#  Import Libraries

In [1]:
import pandas as pd
import numpy as np
import matplotlib.pyplot as plt
import seaborn as sns
from pylab import rcParams
from collections import Counter
import tensorflow as tf
from tensorflow.keras import Model, models, layers, optimizers, regularizers
from tensorflow.keras.callbacks import ModelCheckpoint

from sklearn.preprocessing import StandardScaler
from sklearn.preprocessing import RobustScaler
from sklearn.preprocessing import MinMaxScaler
from sklearn.model_selection import train_test_split
from sklearn import metrics

seed=1
tf.random.set_seed(seed)

# Load Data

In [2]:
train = pd.read_csv('2_only_normal_threshold02.csv')
test = pd.read_csv('2_test.csv')

In [3]:
train.drop(['Unnamed: 0', 'Unnamed: 0.1'], inplace=True, axis=1)
test.drop(['Unnamed: 0', 'Timestamp'], inplace=True, axis=1)

In [4]:
shift_by = -5
n_features = train.shape[1]

# Transform to Series Data 

In [5]:
shift_by = -5
n_features = train.shape[1]

In [6]:
# LSTM 모델은 (samples, timesteps, feature)에 해당하는 3d 차원의 shape을 가지므로, 데이터를 시퀀스 형태로 변환

def temporalize(X, timesteps):
    output_X = []
    for i in range(len(X) - timesteps - 1):
        t = []
        for j in range(1, timesteps + 1):
            # Gather the past records upto the lookback period
            t.append(X.loc[[(i + j + 1)], :])
        output_X.append(t)
    return np.squeeze(np.array(output_X))

In [7]:
timesteps = abs(shift_by)

# Temporalize
x = temporalize(train, timesteps)
print(x.shape)

(167487, 5, 33)


# Split Train / Valid / Test

In [8]:
# Split into train, valid, and test 
x_train = x
x_test = temporalize(test, timesteps)
x_train, x_valid = train_test_split(x_train, test_size=0.2)

print(len(x_train))  
print(len(x_valid)) 
print(len(x_test))

133989
33498
105114


# Standardize

In [9]:
def flatten(X):
    flattened_X = np.empty((X.shape[0], X.shape[2]))  # sample x features array.
    for i in range(X.shape[0]):
        flattened_X[i] = X[i, (X.shape[1]-1), :]
    return(flattened_X)

def scale(X, scaler):
    for i in range(X.shape[0]):
        X[i, :, :] = scaler.transform(X[i, :, :])
        
    return X

In [10]:
scaler = MinMaxScaler().fit(flatten(x_train))

x_train_scaled = scale(x_train, scaler)
x_valid_scaled = scale(x_valid, scaler)
x_test_scaled = scale(x_test, scaler)

# Training LSTM Autoencoder

In [11]:
epochs = 10
batch = 128
lr = 0.001

In [12]:
# earlystopping
callback = tf.keras.callbacks.EarlyStopping(monitor="val_loss", patience=5)

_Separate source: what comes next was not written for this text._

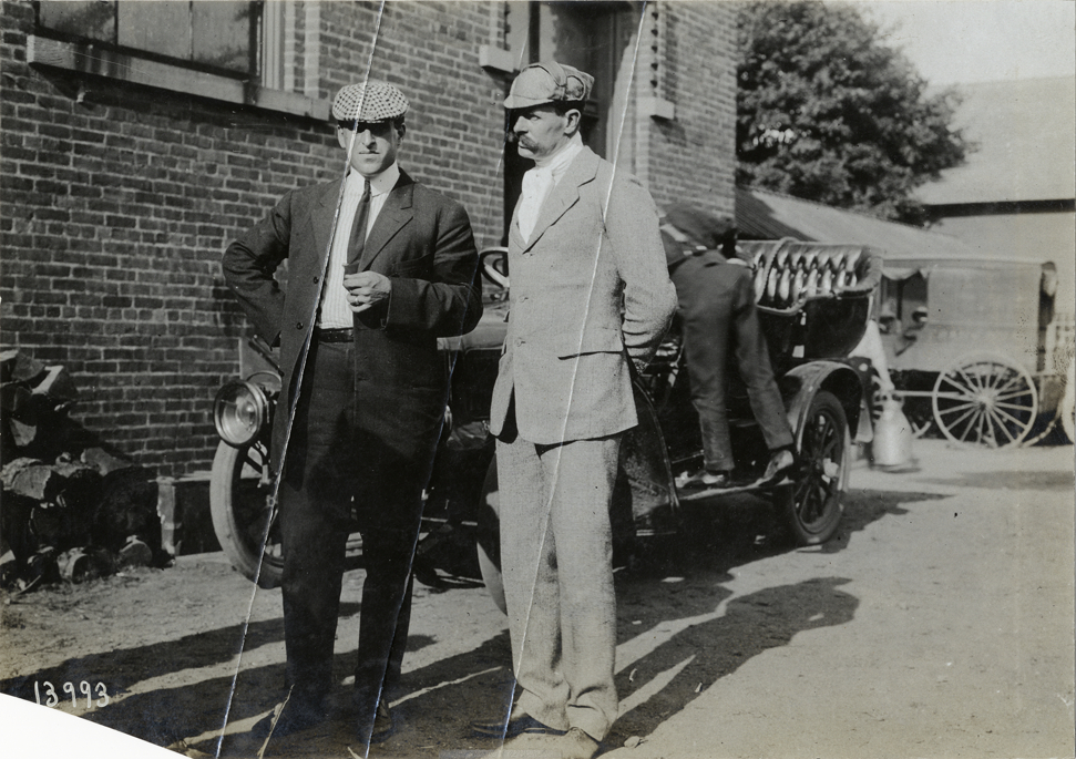 View of George Heath and unidentified man during the 1906 Vanderbilt Cup races on Long Island, New York. Brick building and car in background. Stamped on back: "Photo by N. Lazarnick, 29 West 42nd Street, New York." Handwritten on back: "Heath. Races and racing--Vanderbilt Cup races, 1906."

lstm_ae = models.Sequential()
# Encoder
lstm_ae.add(layers.LSTM(64, activation='relu', input_shape=(timesteps, n_features), return_sequences=True))
lstm_ae.add(layers.LSTM(32, activation='relu', return_sequences=False))
lstm_ae.add(layers.RepeatVector(timesteps))
# Decoder
lstm_ae.add(layers.LSTM(32, activation='relu', return_sequences=True))
lstm_ae.add(layers.LSTM(64, activation='relu', return_sequences=True))
lstm_ae.add(layers.TimeDistributed(layers.Dense(n_features)))

lstm_ae.summary()

Metal device set to: Apple M1

systemMemory: 8.00 GB
maxCacheSize: 2.67 GB

Model: "sequential"
_________________________________________________________________
 Layer (type)                Output Shape              Param #   
 lstm (LSTM)                 (None, 5, 64)             25088     
                                                                 
 lstm_1 (LSTM)               (None, 32)                12416     
                                                                 
 repeat_vector (RepeatVector  (None, 5, 32)            0         
 )                                                               
                                                                 
 lstm_2 (LSTM)               (None, 5, 32)             8320      
                                                                 
 lstm_3 (LSTM)               (None, 5, 64)             24832     
                                                                 
 time_distributed (TimeDistr  (None, 5, 33)   

2022-05-05 23:28:44.098374: I tensorflow/core/common_runtime/pluggable_device/pluggable_device_factory.cc:305] Could not identify NUMA node of platform GPU ID 0, defaulting to 0. Your kernel may not have been built with NUMA support.
2022-05-05 23:28:44.098482: I tensorflow/core/common_runtime/pluggable_device/pluggable_device_factory.cc:271] Created TensorFlow device (/job:localhost/replica:0/task:0/device:GPU:0 with 0 MB memory) -> physical PluggableDevice (device: 0, name: METAL, pci bus id: <undefined>)


In [13]:
# compile
lstm_ae.compile(loss="mse", optimizer=optimizers.Adam(lr))

# fit
history = lstm_ae.fit(
    x_train_scaled,
    x_train_scaled,
    epochs=epochs,
    batch_size=batch,
    validation_data=(x_valid_scaled, x_valid_scaled),
    callbacks=[callback],
)

Epoch 1/10


2022-05-05 23:28:44.382578: W tensorflow/core/platform/profile_utils/cpu_utils.cc:128] Failed to get CPU frequency: 0 Hz
2022-05-05 23:28:45.145242: I tensorflow/core/grappler/optimizers/custom_graph_optimizer_registry.cc:113] Plugin optimizer for device_type GPU is enabled.




2022-05-05 23:31:26.117972: I tensorflow/core/grappler/optimizers/custom_graph_optimizer_registry.cc:113] Plugin optimizer for device_type GPU is enabled.


Epoch 2/10
Epoch 3/10
Epoch 4/10
Epoch 5/10
Epoch 6/10
Epoch 7/10
Epoch 8/10
Epoch 9/10
Epoch 10/10


# threshold

In [363]:
threshold = 0.19

In [15]:
test.shape

(105120, 33)

In [16]:
test_predictions = lstm_ae.predict(x_test_scaled)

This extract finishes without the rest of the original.